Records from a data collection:

Start of Block

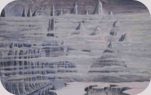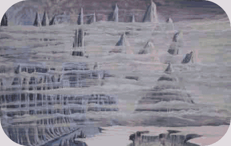 ”Hindarfjell” eller den eldklippa, där Brynhild eller Brünhilde låg i evig sömn finns på riktigt. Detta är Externsteine i Tyskland, en plats jag själv besökt… Klippan ”Sternewache” vid det skarpa ljuset till höger i bild, sägs vara den plats där Sigurd väckte henne, och hon sjöng ”Sigdrifumál” för människorna.
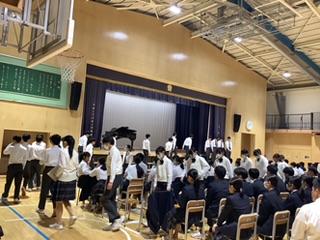 5時間目に、合唱コンクールに向けて3先生が体育館でリハーサルを行いました。
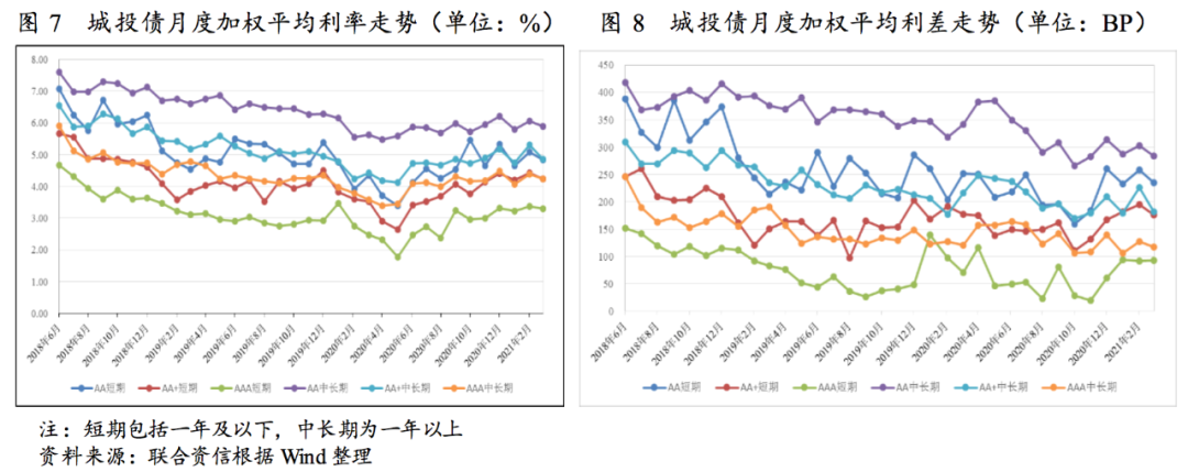 2020年下半年以來,隨著新冠肺炎疫情形勢(shì)趨穩(wěn),宏觀經(jīng)濟(jì)穩(wěn)步回升,貨幣政策逐步回歸常態(tài)化,資金面整體有所趨緊。2021年一季度,各級(jí)別、期限城投債的發(fā)行利率同比均有所上升。環(huán)比來看,各級(jí)別短期城投債的發(fā)行利率環(huán)比均小幅上升,各級(jí)別中長期城投債的發(fā)行利率均略有下降,主要是在春節(jié)前后時(shí)點(diǎn)因素以及央行公開市場(chǎng)大規(guī)模凈回籠影響下,2021年初市場(chǎng)流動(dòng)性短暫趨緊、投資者期限偏好呈現(xiàn)分化所致。分月來看,1月,各級(jí)別、各期限城投債的發(fā)行利率相對(duì)較低,且環(huán)比均有所下降,其中AA級(jí)中長期、AA+級(jí)中長期和AAA級(jí)中長期分別環(huán)比下降0.41個(gè)、0.44個(gè)和0.41個(gè)百分點(diǎn),整體拉低了一季度各級(jí)別中長期城投債發(fā)行利率的平均水平;2月,各級(jí)別、各期限城投債的發(fā)行利率均明顯上升;3月,各級(jí)別、期限城投債的平均發(fā)行利率環(huán)比均有所下降,但整體小幅高于1月的平均水平。一季度,各級(jí)別、期限城投債發(fā)行利率呈現(xiàn)先上升后下降的“倒V”形態(tài)。
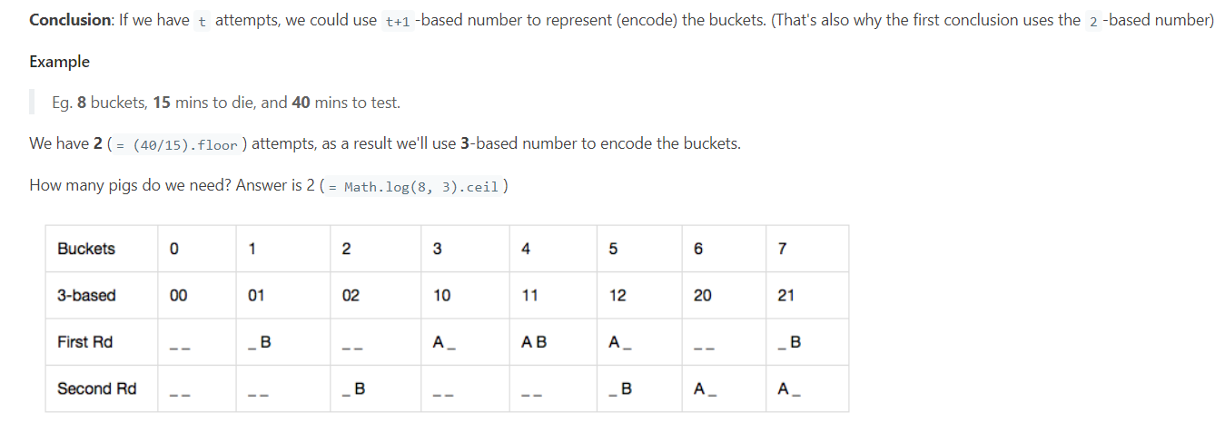 class Solution { public int poorPigs(int buckets, int minutesToDie, int minutesToTest) { int t = (int)Math.floor(minutesToTest/minutesToDie); return (int) Math.ceil(Math.log(buckets) / Math.log(t + 1)); } }
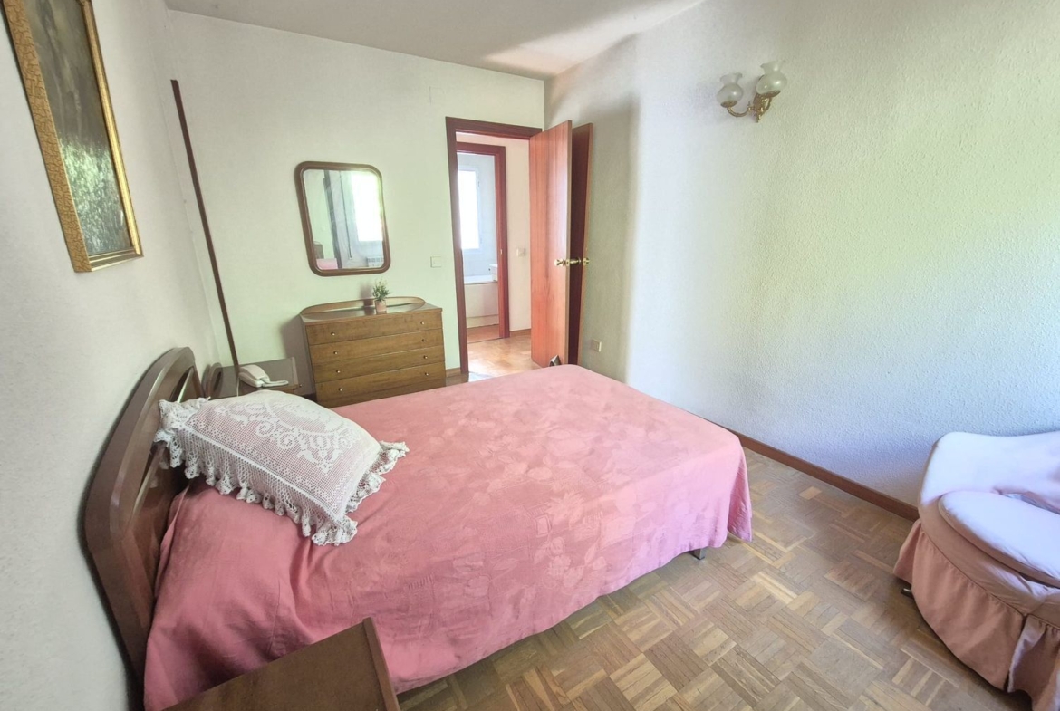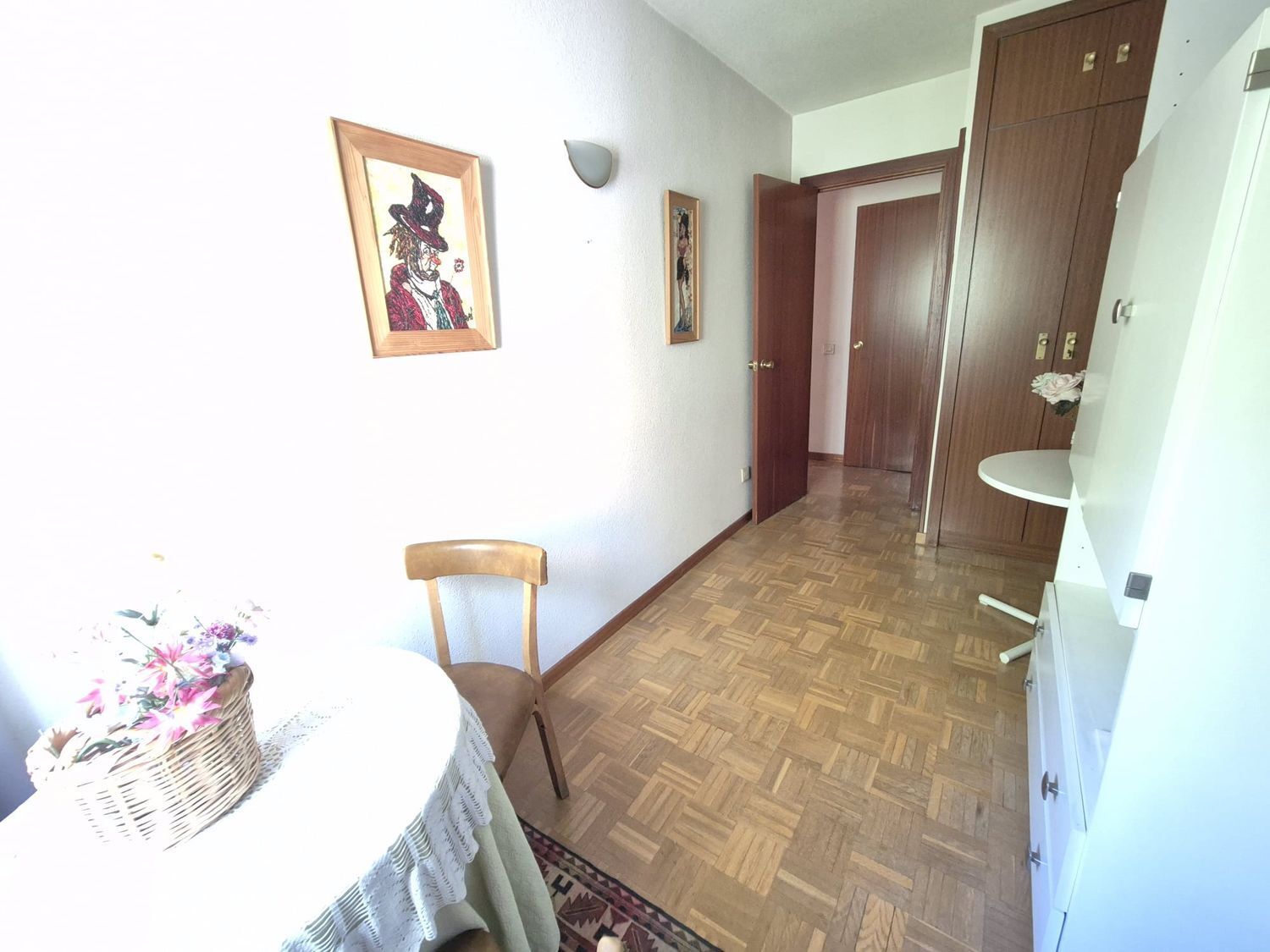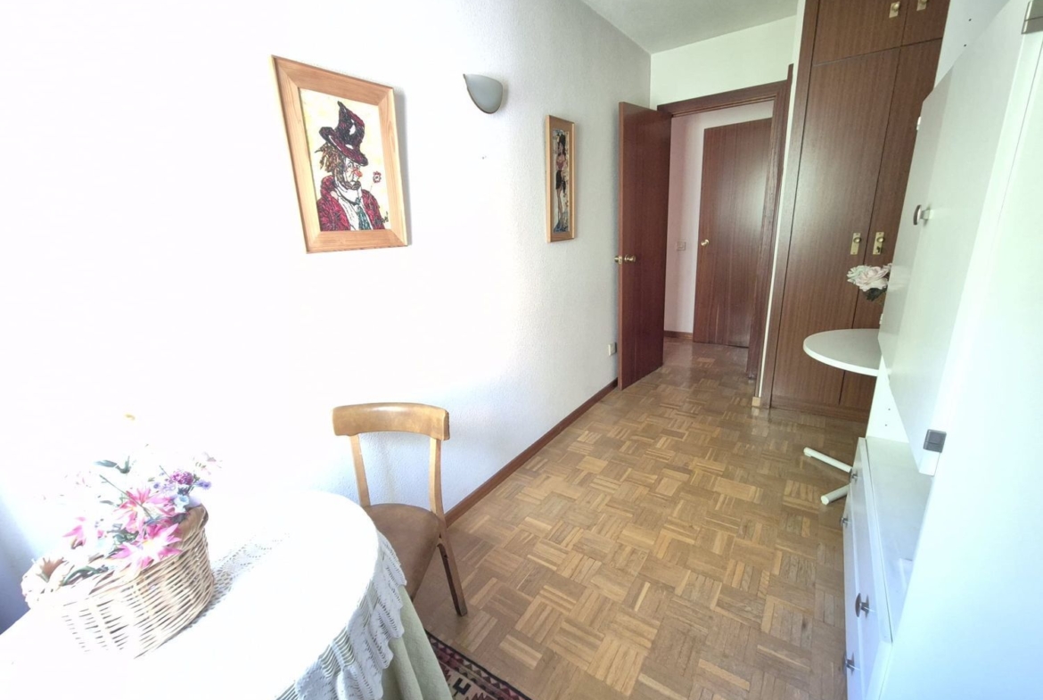 Desde el hall también accedemos a un pasillo que conecta la zona de descanso. La vivienda cuenta con tres dormitorios exteriores, lo que garantiza buena ventilación y luz natural en todas las estancias. Dos de ellos son individuales, equipados con armarios empotrados y perfectos como habitaciones infantiles, de invitados o incluso como despacho. La habitación principal destaca por su amplitud y funcionalidad, también con armario empotrado y vistas al exterior, garantizando confort y privacidad.
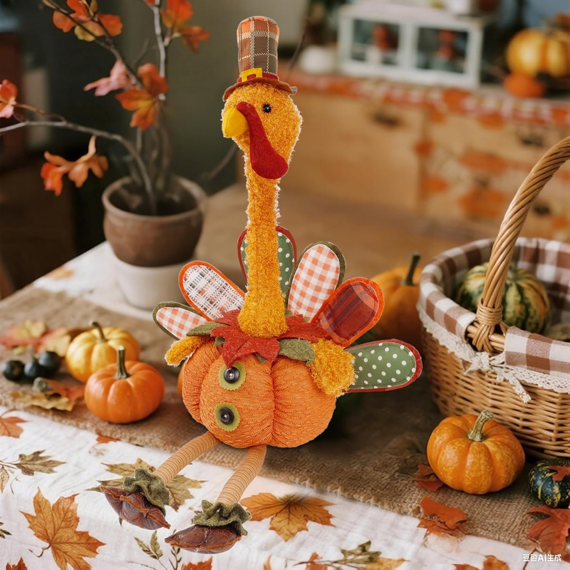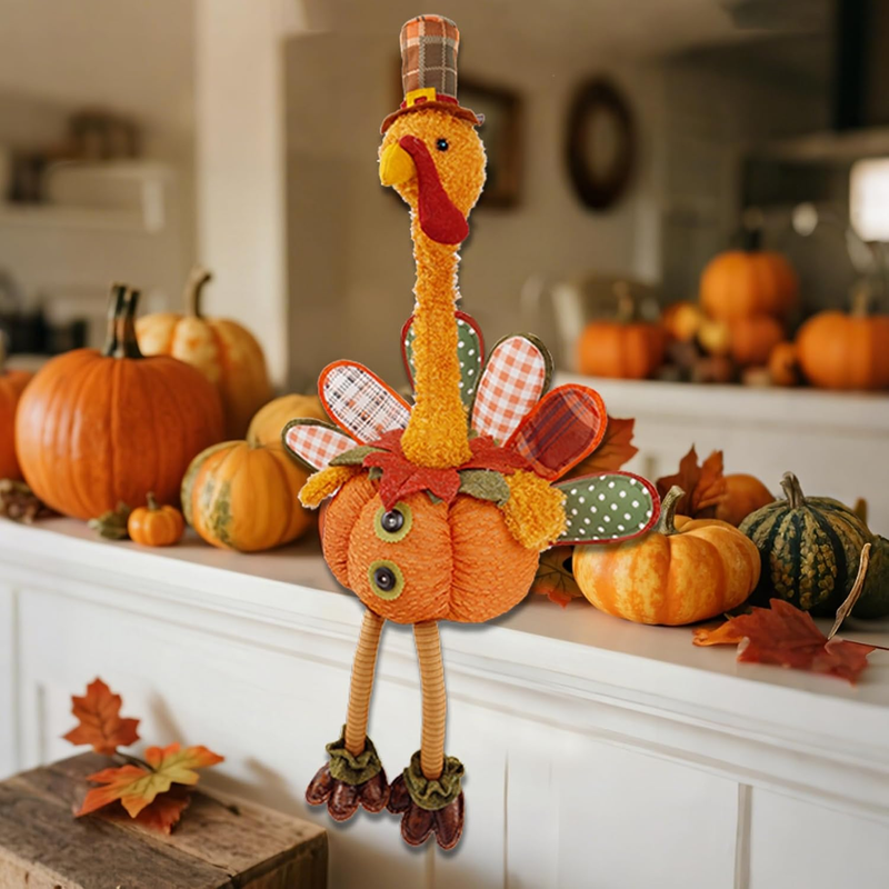Bring Thanksgiving to Life with Our Interactive Plush Turkey! Meet your new holiday mascot?a 31.5"" jumbo plush turkey featuring a stretchable head and dangling legs! Designed for indoor thanksgiving decorations, this charismatic bird sports a chic plaid top hat, vibrant wings, and leaf-shaped neck.
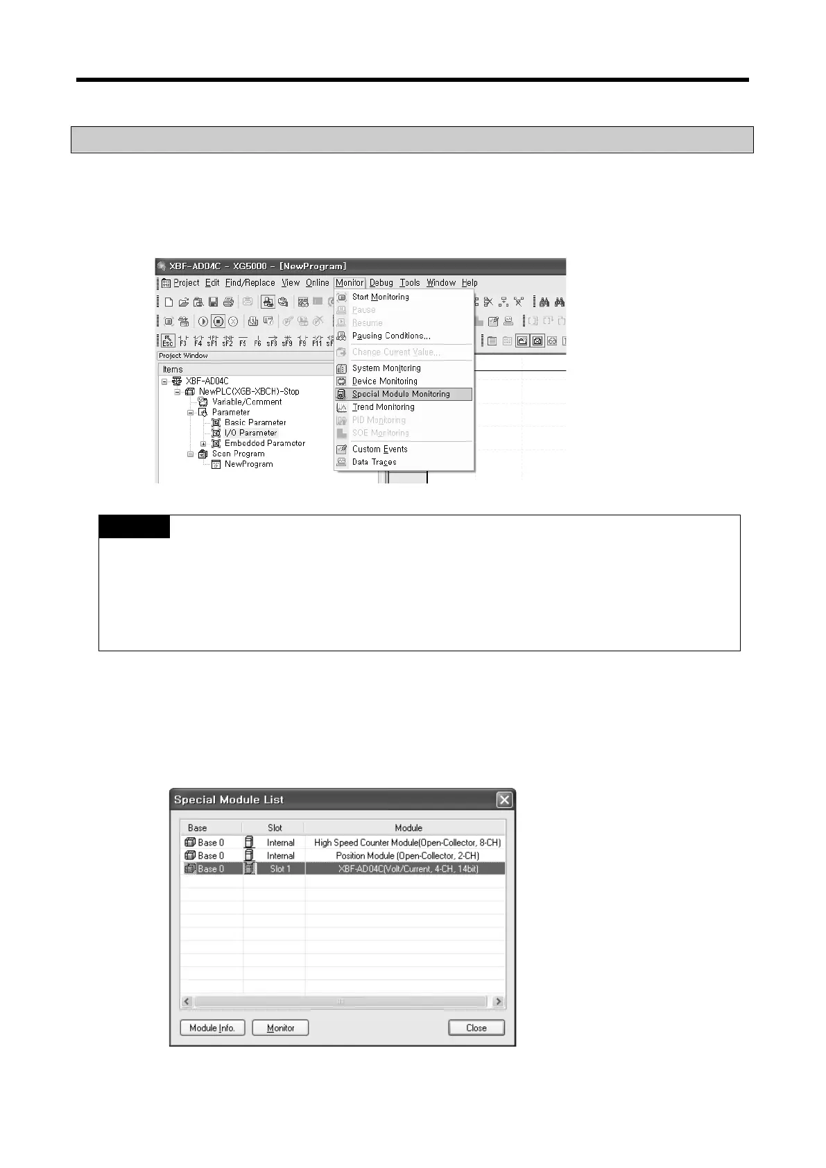 (1) With XG5000 connected to PLC CPU (on-line status), click [Monitor] -> [Special Module
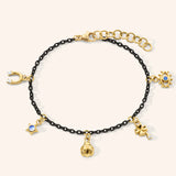 Monica Rich Kosann 18k Yellow Gold & Black Steel Luck Charm Bracelet
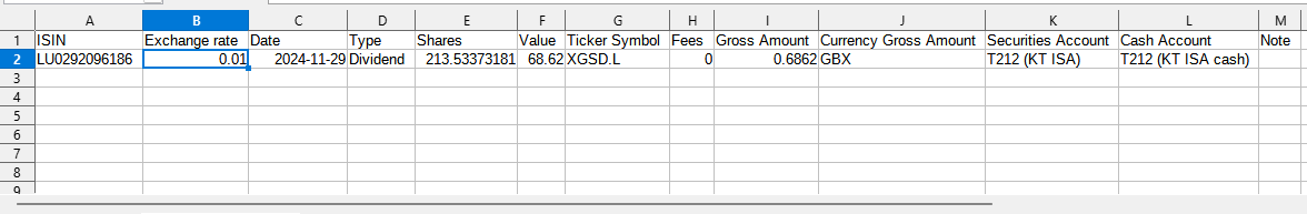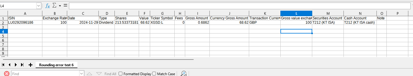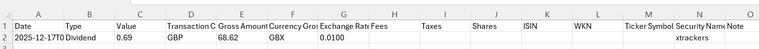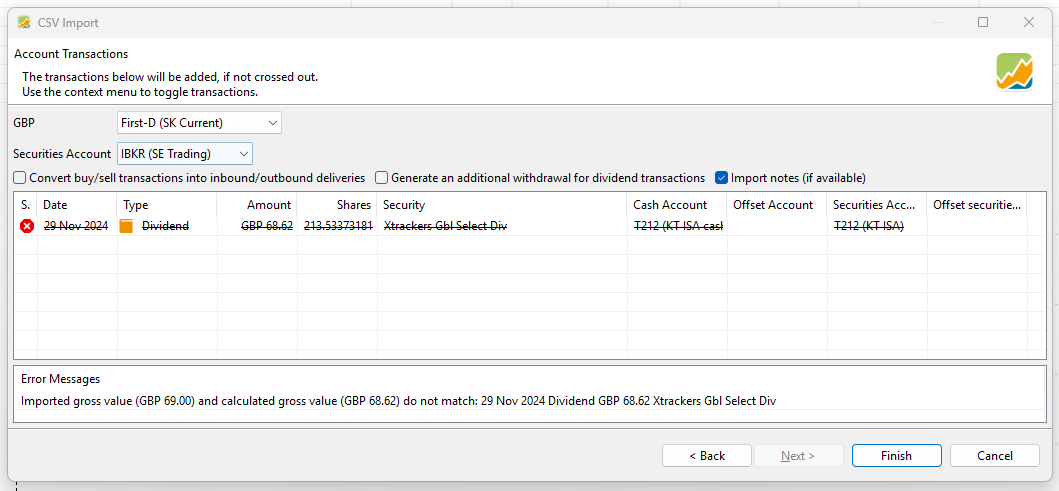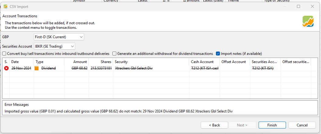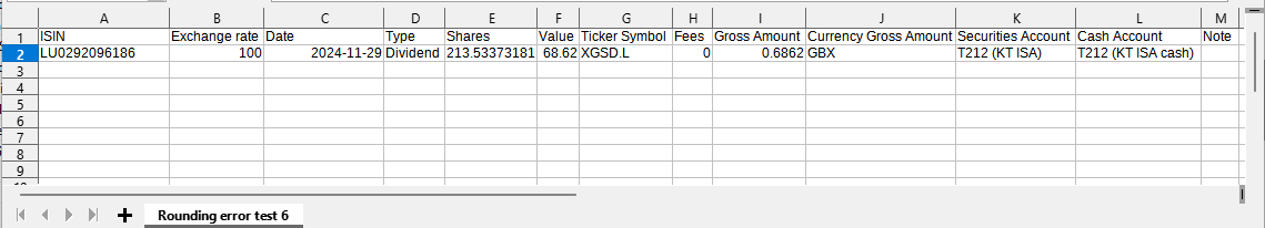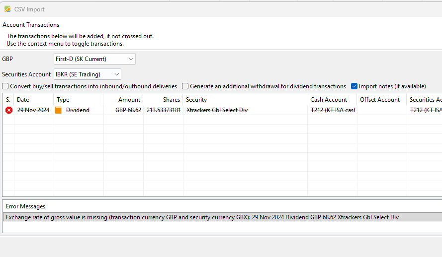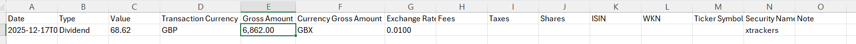 Second, where does the value GBP 69.00 come from? Is PP rounding down the Imported value and then finding an error? Maybe the issue lies in the conversion from GBX to GBP. I do not get this error when importing dividends where the security currency and the transaction currency are both GBP.
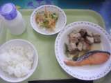 ご飯 牛乳 鮭の塩焼き 生揚げの含め煮 あえ物 <主な食材と産地...
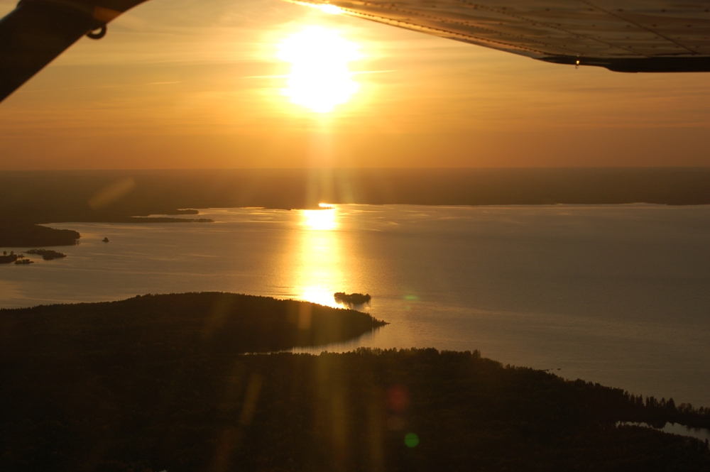 Долетев до площадки мы выполнили проход, развернулись и сели. Деревья и кусты по торцам мешали посадке, в багажнике их дожидалась бензопила. Времени было мало но комары нас подгоняли. Подъехавшие аборигены отнеслись к нам хорошо, обещали содействие тем кто пожелает (по предварительной записи) остаться на ночь. Отличное место, но фумигаторами надо запастись.
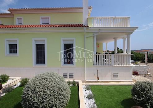 Eine schöne Villa auf einem Grundstück von m2, neu gebaut, befindet sich am Rande des Dorfes, was absolute Ruhe und Privatsphäre gewährleistet. Die Villa erstreckt sich über drei Etagen: Untergeschoss + Erdgeschoss + Obergeschoss mit insgesamt 329,71 m2 Nutzfläche. Im Untergeschoss befindet sich eine Wohnung S1 mit 65,63 m2, sowie ein separater Eingang zur Taverne mit einem Abstellraum von 25 m2. Ein separater Eingang zum Erdgeschoss, wo sich eine luxuriös eingerichtete Wohnung S2 mit insgesamt 143,18 m2 Wohnfläche + einer Terrasse von 25,86 m2 befindet, die aus einer Innentreppe, einer Eingangshalle, 3 Schlafzimmern besteht und jedes Schlafzimmer sein eigenes hat Badezimmer, Küche und geräumiges Esszimmer und gemütliches Wohnzimmer mit Zugang zu einer großen überdachten Terrasse mit Blick auf das Meer, das Dorf und den schönen Garten. Im Erdgeschoss gibt es auch eine Doppelgarage von 37,50 m2 (für zwei Autos), die einen separaten Eingang zur Villa hat, sowie ein weiteres Zimmer und eine Toilette. Die Innentreppe führt in den ersten Stock, wo sich eine Einzimmerwohnung S3 mit insgesamt 30,09 m2 Wohnfläche + einer Terrasse von 17,85 m2 mit Meerblick befindet. Ein integraler Bestandteil dieses schönen Anwesens ist auch ein 4 x 8 m großer Swimmingpool. Der Hof ist wunderschön dekoriert und mit mediterranen Pflanzen angereichert, während das Interieur ein modernes Design hat. Entfernung zum Strand 600 m und zum Zentrum 400 m.

End of Block

WHAT YOU HAVE TO DO:
When you reach the line that has "public int poorPigs(int" in the data above, start repeating lines exactly, and stop after the line that has "Desde el hall"; pictures stay out.

OUTPUT FOR THIS EXERCISE:
 class Solution { public int poorPigs(int buckets, int minutesToDie, int minutesToTest) { int t = (int)Math.floor(minutesToTest/minutesToDie); return (int) Math.ceil(Math.log(buckets) / Math.log(t + 1)); } }
 Desde el hall también accedemos a un pasillo que conecta la zona de descanso. La vivienda cuenta con tres dormitorios exteriores, lo que garantiza buena ventilación y luz natural en todas las estancias. Dos de ellos son individuales, equipados con armarios empotrados y perfectos como habitaciones infantiles, de invitados o incluso como despacho. La habitación principal destaca por su amplitud y funcionalidad, también con armario empotrado y vistas al exterior, garantizando confort y privacidad.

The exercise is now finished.